Task directions
Will you write out the data exactly, excluding every picture?
[Opening The data section]
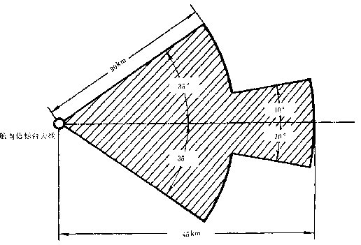 圖1 航向信標臺覆蓋區 4.1.4 航向信標臺覆蓋區內,最低信號場強為40μV/m(32dB)。
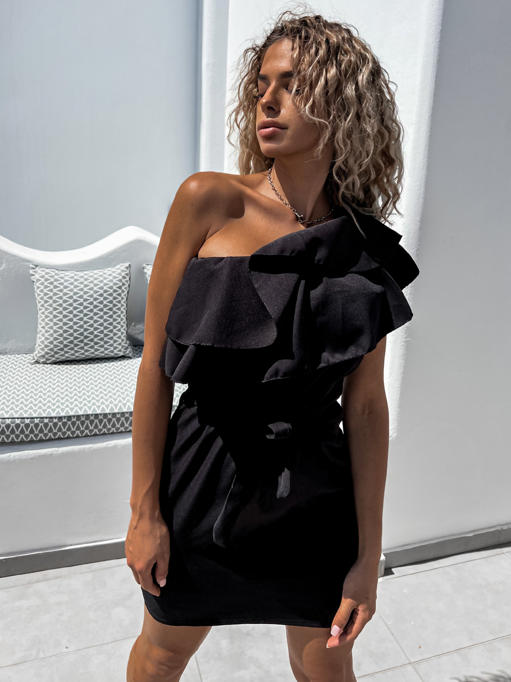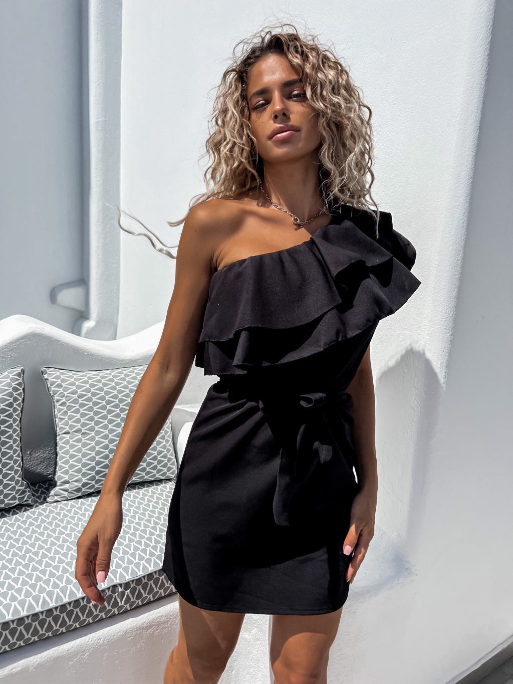 Černé volánkové šaty PURPOSE s vázáním
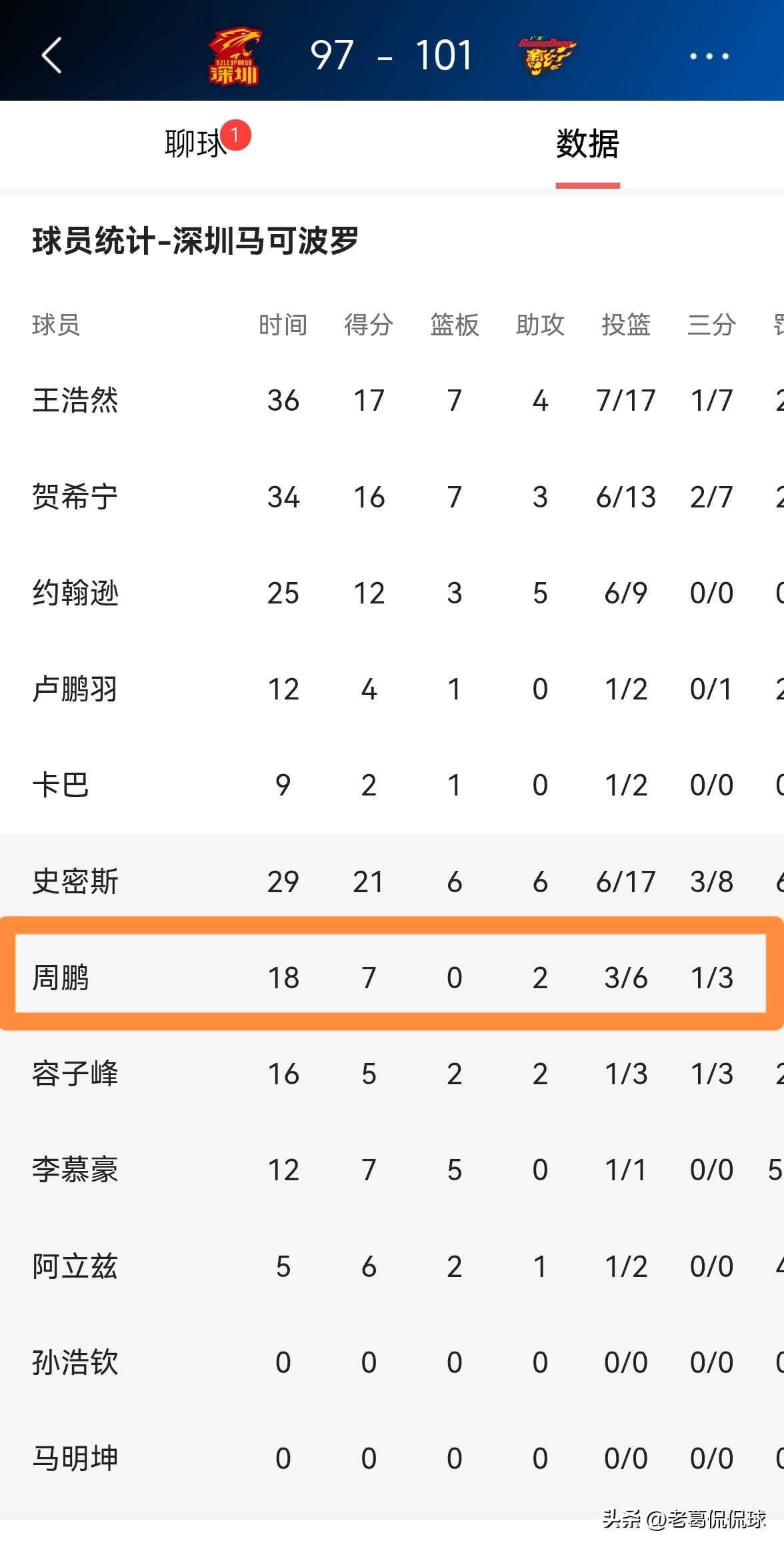深圳马可波罗老将周鹏真是倾其所有了!虽然今天深圳马可波罗在主场以97:101惜败于广东东阳光,但是老将周鹏面对旧主拼尽全力,真的是倾其所有。 全场比赛下来,周鹏替补出战18分钟,投篮6中3,其中三分球3中1得到7分2助攻,最终拼到5犯离场,他的场上正负值为+1。 作为一名36岁的老将,本场比赛周鹏的拼搏精神值得所有人的称赞,他在攻防两端都不遗余力。
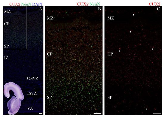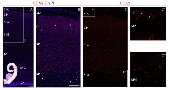 Figure 3. CUX2 is expressed in the MZ, superficial CP, and both upper and deep SP during the SP formation phase at 13 PCW. (A,B,C) Representative images of coronal section through the prospective dorsolateral frontal cortex (indicated by box in the Nissl stained complete scan of the coronal section in the lower left corner), was immunostained for CUX2 (red) and DAPI (blue) during formation of the SP phase at 13 PCW (C) CUX2+ nuclei (white arrows) were found to be scattered in the MZ (C’), superficial CP, upper SP (SPu; SP in formation), and had strong reactivity in the deep subplate (SPd) (C’’).
[Closing The data section]
Your response
 圖1 航向信標臺覆蓋區 4.1.4 航向信標臺覆蓋區內,最低信號場強為40μV/m(32dB)。
 Černé volánkové šaty PURPOSE s vázáním
深圳马可波罗老将周鹏真是倾其所有了!虽然今天深圳马可波罗在主场以97:101惜败于广东东阳光,但是老将周鹏面对旧主拼尽全力,真的是倾其所有。 全场比赛下来,周鹏替补出战18分钟,投篮6中3,其中三分球3中1得到7分2助攻,最终拼到5犯离场,他的场上正负值为+1。 作为一名36岁的老将,本场比赛周鹏的拼搏精神值得所有人的称赞,他在攻防两端都不遗余力。
 Figure 3. CUX2 is expressed in the MZ, superficial CP, and both upper and deep SP during the SP formation phase at 13 PCW. (A,B,C) Representative images of coronal section through the prospective dorsolateral frontal cortex (indicated by box in the Nissl stained complete scan of the coronal section in the lower left corner), was immunostained for CUX2 (red) and DAPI (blue) during formation of the SP phase at 13 PCW (C) CUX2+ nuclei (white arrows) were found to be scattered in the MZ (C’), superficial CP, upper SP (SPu; SP in formation), and had strong reactivity in the deep subplate (SPd) (C’’).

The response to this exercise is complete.